The export font controls the typeface used in the HTML body of every WeasyPrint-generated PDF. Fonts are defined as a curated list of web-safe choices on the DocumentExportSettings singleton model in cases/models.py.

How It Works

DocumentExportSettings.FontFamily is a TextChoices enum — the database stores the short key (e.g. arial) and the model exposes a font_family_css property that returns the full CSS font stack string (e.g.
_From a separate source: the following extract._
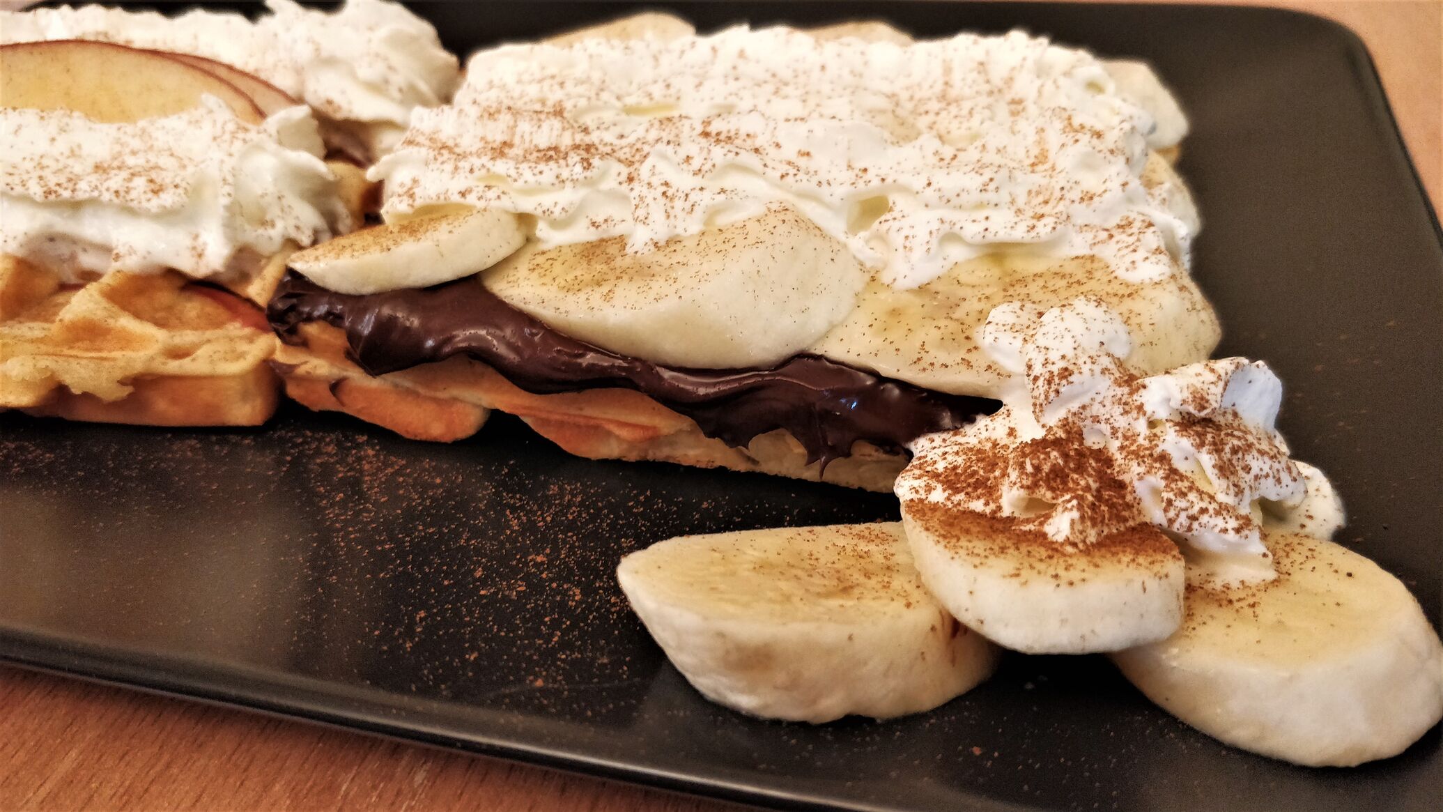Mogyorókrémes - banános - tejszínhabos gofri:
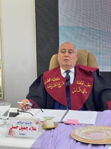 – وكذلك مناقشة بحث الطالب حاتم كريم شنيور الذي قدم بحثاً تخصصياً ركز على التحديات الجراحية المعاصرة، معتمداً على تحليل إحصائي وبيانات سريرية دقيقة تعكس واقع الممارسة الطبية في المستشفيات التعليمية وقد تم التركيز على دور التنظير البطني في حالات البطن الحاد الرضّية وغير الرضّية.

Arial, sans-serif).
_generate_pdf_from_document() in cases/services.py reads export_settings.font_family_css and injects it into the HTML <body style="font-family: ..."> tag before passing the HTML to WeasyPrint.
The DocumentExportSettingsSerializer includes font_family so it is readable and writable via the settings API endpoint.
The frontend DocumentExportSettingsCard renders a MUI Select dropdown populated with the same choices.

Adding a New Font

Add the choice to DocumentExportSettings.FontFamily in cases/models.py:
```
ROBOTO = "roboto", "Roboto"
```
Add the CSS stack to DocumentExportSettings._FONT_CSS:
```
"roboto": "Roboto, sans-serif",
```
Ensure the font is available on the server. WeasyPrint renders PDFs server-side, so the font must be installed on the host OS (e.g. via a system package). Web-safe fonts (Arial, Georgia, etc.) are already present on most Linux distributions. For custom fonts, install the font files and verify WeasyPrint can find them via fontconfig.

Generate and apply a migration:

python manage.py makemigrations cases
python manage.py migrate

Add a MenuItem to the Select in DocumentExportSettingsCard.js:
```
<MenuItem value="roboto">Roboto</MenuItem>
```
Update the Cypress test mockSettings and defaultSettings objects and add a test case if needed.